October 2021 Newsletter to Clients
Submitted by Moneywatch Advisors on October 14th, 2021Enjoy this month’s edition that features a description of bond yields and what those can tell us.
Radio and television news routinely announce how the Dow Jones Industrial Average or the S&P 500 performed that day as part of their broadcast. A number that deserves way more attention than it receives, however, is the yield on the 10-Year U.S. Treasury note. It doesn’t get much notice, nor do many people understand its significance, but that yield can tell us a lot about inflation, the direction of the stock market, and the economy in general.
For background, the yield on the 10-Year U.S. Treasury note refers to the income an investor would receive during a year if they bought that note today. So, when one buys this note they purchase a note guaranteed by the full faith and credit of the United States government – often referred to as the risk-free rate because investors believe there is no chance the U.S. will default on their debt obligations. A note would be purchased for $100 and the purchaser would receive a set amount of interest, called the coupon, for the decade the investor owns the note. A note purchased today would pay approximately 1.60% interest per year – that is the note’s yield. At the end of that 10 years, the federal government pays the investor back their original $100.

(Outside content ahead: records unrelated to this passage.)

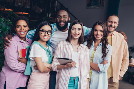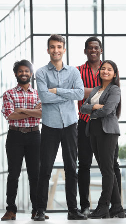 Team of multy-ethnic group of business people standing at the office and smiling at camera
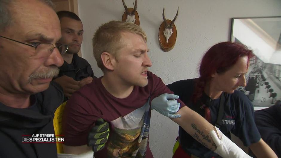 Die Beamten werden gerufen, da ein junger Mann mit seinem Arm in einem Briefkastenschlitz feststeckt. Das alles soll sich später als versuchter Einbruch herausstellen.
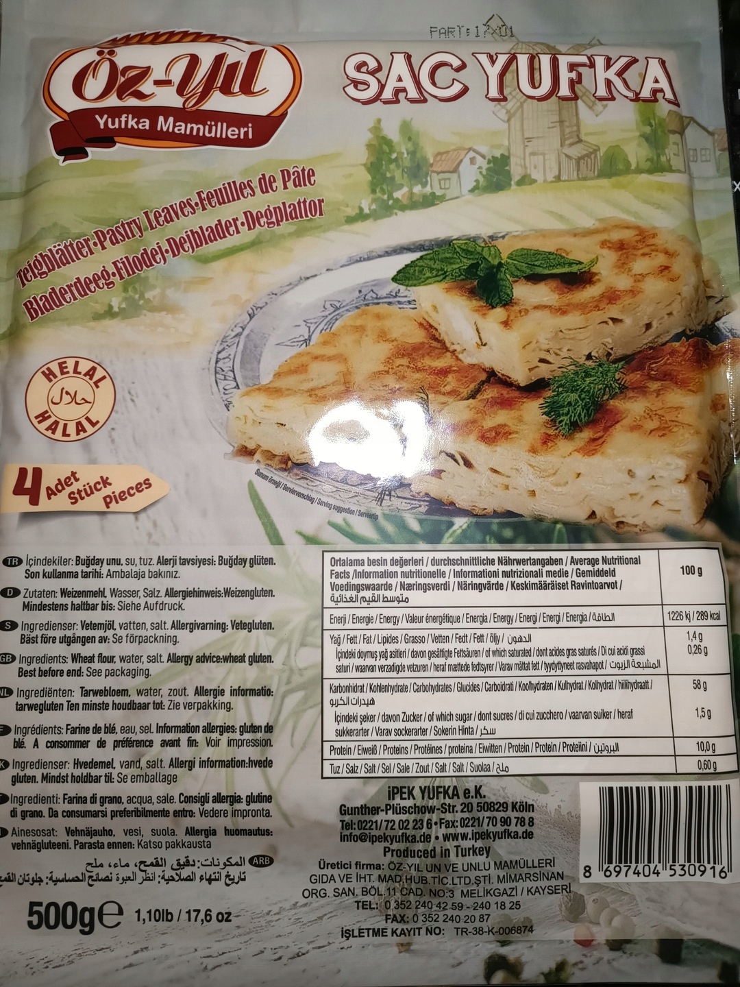 SAC YUFKA 4 ADET 500 Г ТУРЕЦЬКИЙ ТОРТ FILO FOR BORGS
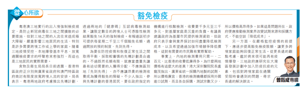 粵港澳三地實行的出入境強制檢疫規定,是防止新冠病毒在三地之間擴散的必要措施,但對三地之間的人流往來造成極大障礙,嚴重影響三地居民的生活,特別是許多需要跨境工作或上學的家庭。隨着三地疫情受控,本地爆發基本平息,放寬通關檢疫要求的呼聲愈來愈強烈,而這也是三地區民的實際需要。

What can that yield tell us?
- Bond prices: Counter-intuitively, bond prices move in the opposite direction of interest rates. So, when interest rates increase, bond prices decrease. As a result, as the yield on the 10-Year Treasury has increased from about 1.32% to about 1.60% over the past month, bond prices decreased. Here’s why: As interest rates increased to 1.6%, the demand for bonds that pay only 1.32% decrease. With less demand comes lower prices. Those price decreases affect the prices of the mutual funds we hold that invest in bonds, such as Dodge & Cox Income (DODIX) and Lord Abbett Short Duration Bond (LALDX and LLDYX), to name just a couple.
- Inflation: When investors expect inflation in coming years that sentiment is often reflected in the bond market in the form of higher yields. And, of course, lower bond prices. Inflation can erode one’s future purchasing power so investors demand higher yields on their bonds to compensate for this inflation risk.
- Economy: Similarly, bond yields can signal investors’ views on the direction of the economy. When the pandemic hit last year, bond yields plummeted – and bond prices soared. This reflected opinions that the economy would slow down during the necessary shut downs. Now that the economy is picking back up, yields are increasing.
- Stock market: Bond yields can also hint at the general direction of the stock market. Investors regularly compare potential returns of the bond market with potential returns of the stock market. When interest rates, and bond yields, are low, the returns of stocks can look more attractive in comparison. When bond yields rise, investors consider whether the expected returns of a company’s stock will be sufficient to compensate them for owning a riskier asset than a bond.
So, next time you hear or read the day’s markets recap, try and find how the 10-Year U.S. Treasury yield moved that day. It can tell you a lot.
Thank you for your continuing confidence.